§ Source data:

++++++++

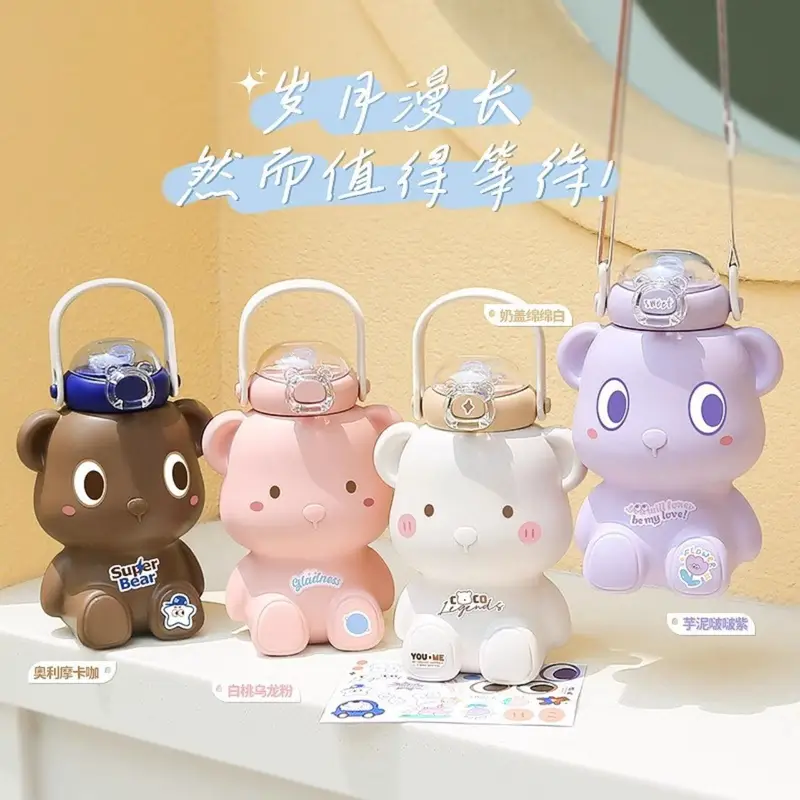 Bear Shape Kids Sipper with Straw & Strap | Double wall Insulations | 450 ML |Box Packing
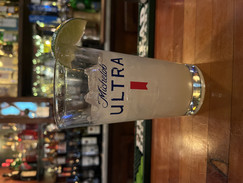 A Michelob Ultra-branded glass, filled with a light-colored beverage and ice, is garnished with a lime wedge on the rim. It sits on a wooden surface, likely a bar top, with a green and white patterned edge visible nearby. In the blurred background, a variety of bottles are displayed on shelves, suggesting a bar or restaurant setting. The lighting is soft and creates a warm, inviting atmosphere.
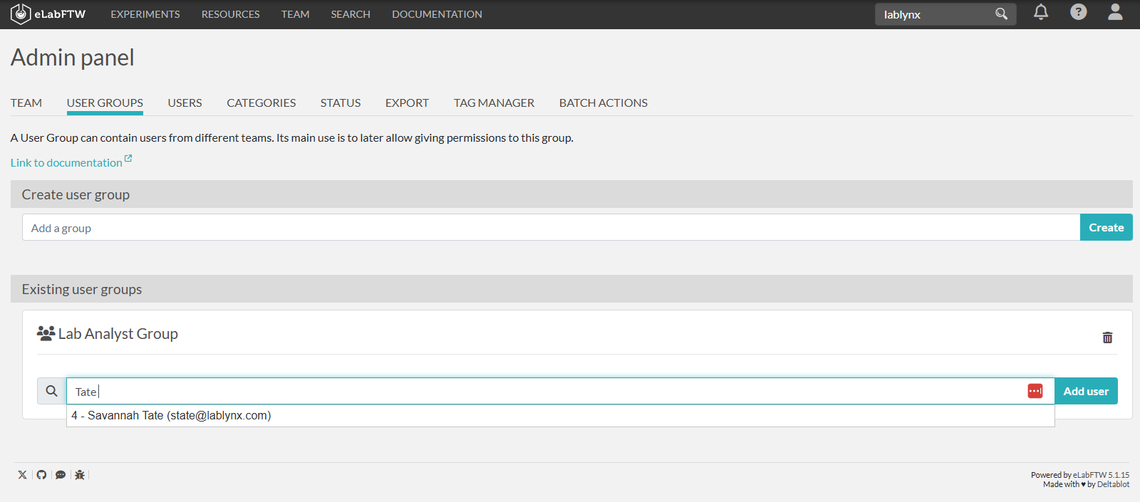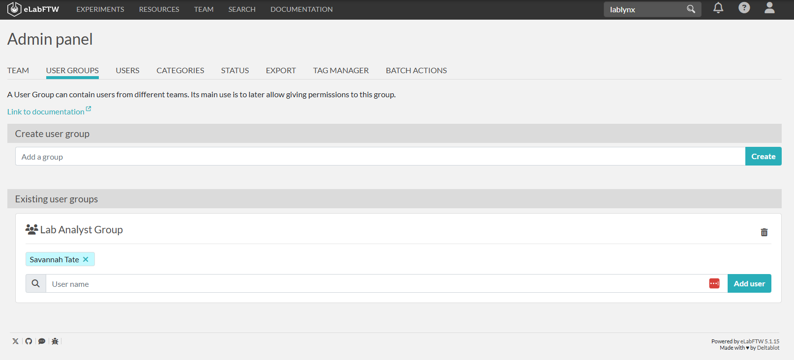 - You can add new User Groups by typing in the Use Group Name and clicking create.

++++++++

§ Instructions to follow: The whole listing should be printed again exactly as written, images excluded.

§ Answer to the exercise:
 Bear Shape Kids Sipper with Straw & Strap | Double wall Insulations | 450 ML |Box Packing
 A Michelob Ultra-branded glass, filled with a light-colored beverage and ice, is garnished with a lime wedge on the rim. It sits on a wooden surface, likely a bar top, with a green and white patterned edge visible nearby. In the blurred background, a variety of bottles are displayed on shelves, suggesting a bar or restaurant setting. The lighting is soft and creates a warm, inviting atmosphere.
 - You can add new User Groups by typing in the Use Group Name and clicking create.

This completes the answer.